Here is a detailed summary of the video transcription, broken down into sections for better readability:
Introduction
- Stephen Clark, Director of Enterprise Support and Technical Account Management at AWS, introduces the session on how Fidelity Investments operates their tier zero trading databases on AWS.
- Many AWS customers are now running their most critical applications on AWS, including real-time applications like stock trading, online banking, and insurance claims processing.
- Disruptions to these critical systems can be costly, with enterprises facing an average of 29 unplanned outages per year, costing $13.5 million on average.
- Customers struggle to identify the root cause of issues and resolve them quickly, often taking 4-5 hours before reaching out to AWS for help.
Fidelity Investments Overview
- Fidelity is a financial services company with 51.5 million customers and 28,000 employees, providing a wide range of services beyond just brokerage and 401(k) management.
- Fidelity embarked on a cloud journey 8 years ago, aiming to use cloud-agnostic technologies and focus on open-source.
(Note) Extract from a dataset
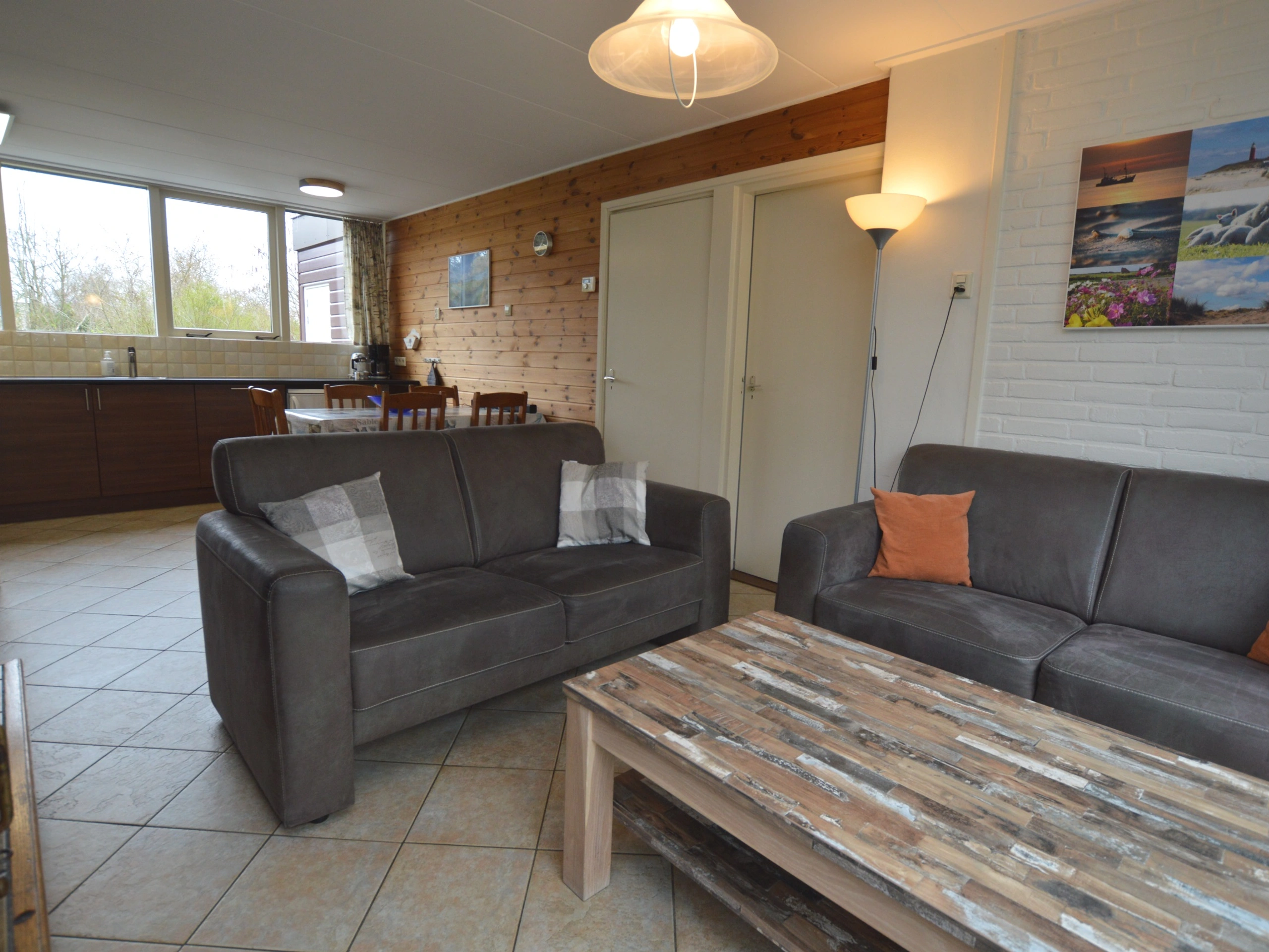 The living room of this detached bungalow has a dining area and sitting area with a fireplace and TV. The open kitchen is equipped with a refrigerator, 4-burner gas hob, combination microwave and coffee maker. There are three bedrooms, one with a double bed with separate mattresses. There is a bedroom with 2 single beds. The third bedroom has a bunk bed. The bathroom has a shower, sink and toilet. This bungalow has a garden with a south-facing terrace. Garden furniture is available.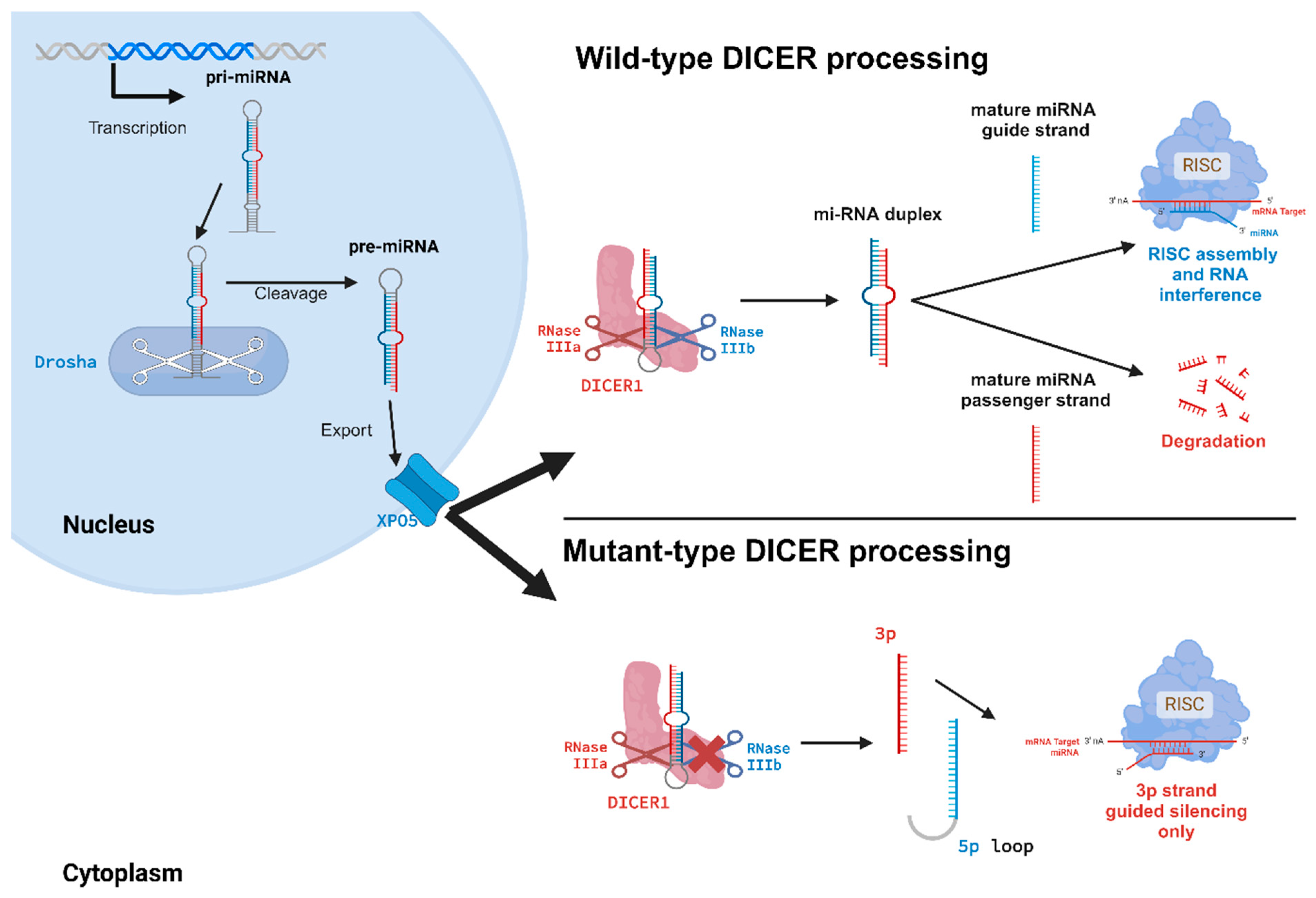 - Foulkes, W.D.; Priest, J.R.; Duchaine, T.F. DICER1: Mutations, microRNAs and Mechanisms. Nat. Rev. Cancer 2014, 14, 662–672. [Google Scholar] [CrossRef]

- Fidelity has moved 6,000 databases to the cloud and invests heavily in employee learning and upskilling.
Resiliency Patterns
- Fidelity focuses on resiliency, measured through Disaster Recovery capability (RTO, RPO, and availability).
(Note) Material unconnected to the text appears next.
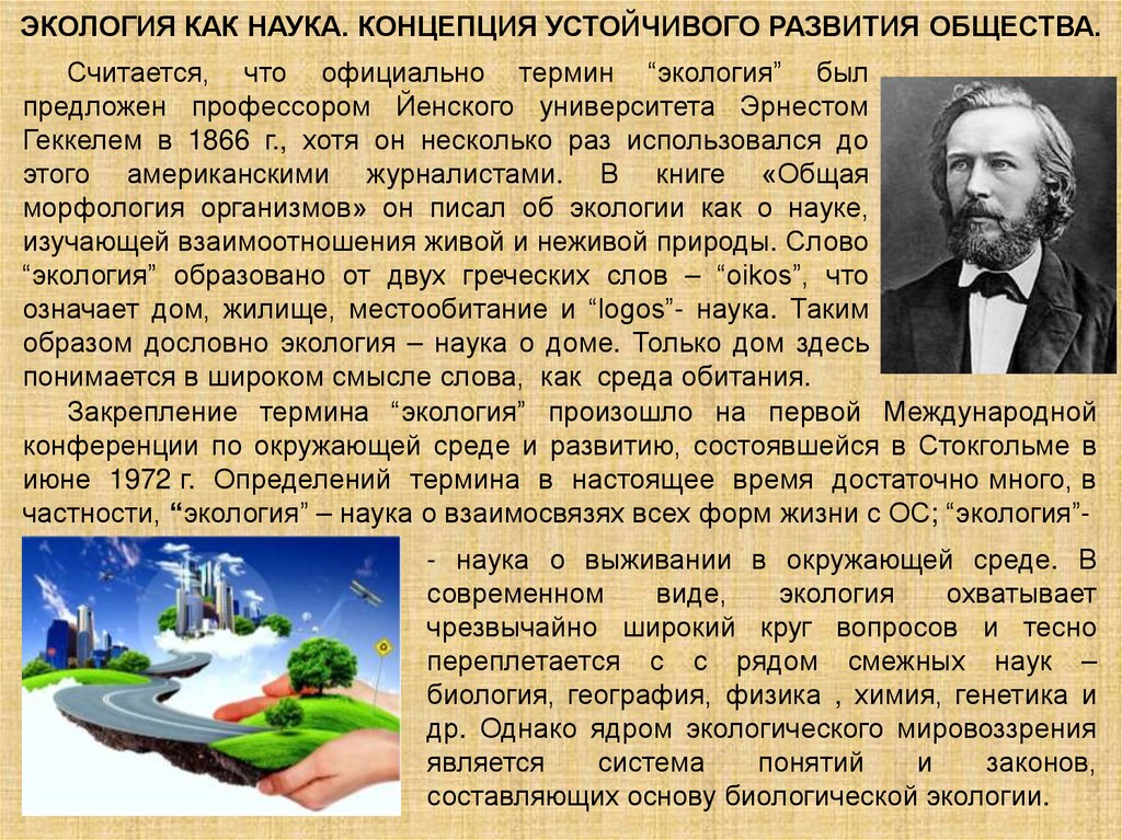 ЭКОЛОГИЯ КАК НАУКА. КОНЦЕПЦИЯ УСТОЙЧИВОГО РАЗВИТИЯ ОБЩЕСТВА.Считается, что официально термин “экология” был

- Fidelity has evaluated different resiliency patterns:
- Active-passive backup/restore: Not suitable for mission-critical applications due to long RTO and potential for data loss.
- Active-passive: Provides some availability but still has limitations around RTO and RPO.
- Active-active: Fidelity's initial approach, with two regions and synchronous replication, but still had potential for data loss.
- Global active-active: Fidelity's current approach, using a distributed relational database with a minimum of 3 nodes across 3 regions, providing strong consistency and zero RPO.
Failure Mode and Effects Analysis (FMEA)
- Fidelity proactively tests their resilient systems by manually injecting failures using AWS Fault Injection Service and a framework called Chaos Buffet.
- This allows Fidelity to understand how their databases and applications behave under different failure scenarios, ensuring no surprises when issues occur in production.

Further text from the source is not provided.